Digitalization for enhancing reading habits: the improved hybrid book recommendation system with genre-oriented profiles


Dogan O., YALÇIN E., Areta Hiziroglu O.

Library Management, 2024 (ESCI) identifier

  • Yayın Türü: Makale / Tam Makale
  • Basım Tarihi: 2024
  • Doi Numarası: 10.1108/lm-03-2024-0030
  • Dergi Adı: Library Management
  • Derginin Tarandığı İndeksler: Emerging Sources Citation Index (ESCI), Scopus, ABI/INFORM, Aerospace Database, Communication Abstracts, Information Science and Technology Abstracts, INSPEC, Library and Information Science Abstracts, Library Literature and Information Science, Library, Information Science & Technology Abstracts (LISTA), Metadex, vLex, DIALNET, Civil Engineering Abstracts
  • Anahtar Kelimeler: Book recommender, Consumption-based genre profile, Reading habits, Recommendation systems, Vote-based genre profile
  • Sivas Cumhuriyet Üniversitesi Adresli: Evet

Özet

Purpose: Reading habit plays a pivotal role in individuals' personal and academic growth, making it essential to encourage among campus users. University libraries serve as valuable platforms to promote reading by providing access to a diverse range of books and resources. Recommending books through personalized systems not only helps campus users discover new materials but also enhances their engagement and satisfaction with the library’s offerings, contributing to a holistic learning experience. Design/methodology/approach: This study presents a web-based solution, the Web-Based Hybrid Intelligent Book Recommender System (W_HybridBook), as a solution that addresses challenges like cold start issues and limited scalability by factoring in user preferences and item similarities in generating book recommendations. The paper improves the traditional hybrid system using Genre-Oriented Profiles (GOPs) instead of original rating profiles of users when determining similarities between individuals.
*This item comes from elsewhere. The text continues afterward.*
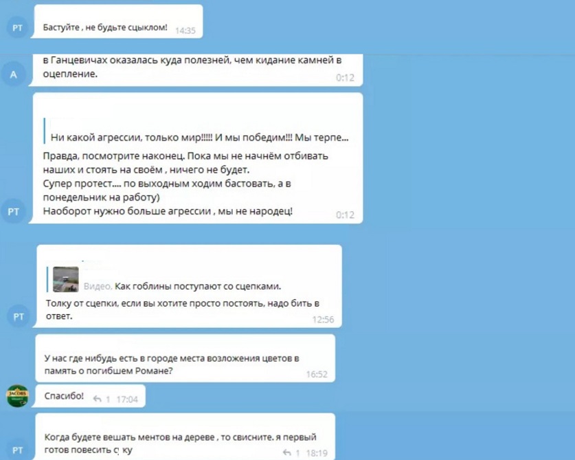 В марте текущего года задержан 26-летний могилевчанин, который в различных Telegram-чатах призывал к применению насилия в отношении сотрудников органов внутренних дел.

Consumption-based genre profiles (W_HybridBook-CBP) are created by assessing whether an item has received any ratings in the dataset, and vote-based genre profiles (W_HybridBook-VBP) are generated by considering the genre categories based on the magnitude of the user’s rating. Findings: The comparative results indicated that users are quite satisfied with the recommendations generated by W\_HybridBook-VBP profiling, with an average rating of 4.0633 and a precision value of 0.7988. W\_HybridBook-VBP is also the fastest way with respect to the algorithm and recommendation run time. Originality/value: The proposed W\_HybridBook has been then enhanced by adopting two user profiling strategies to boost the similarity calculation process in the recommendation generation phase. This system provides ranking-based recommendations by mainly integrating well-known collaborative and content-based filtering strategies. A dataset has been collected by considering the preferences of both users and academics at Izmir Bakircay University, which is one of the universities with the highest number of books per student. More importantly, this dataset has been released and become publicly available for future research in the recommender system field.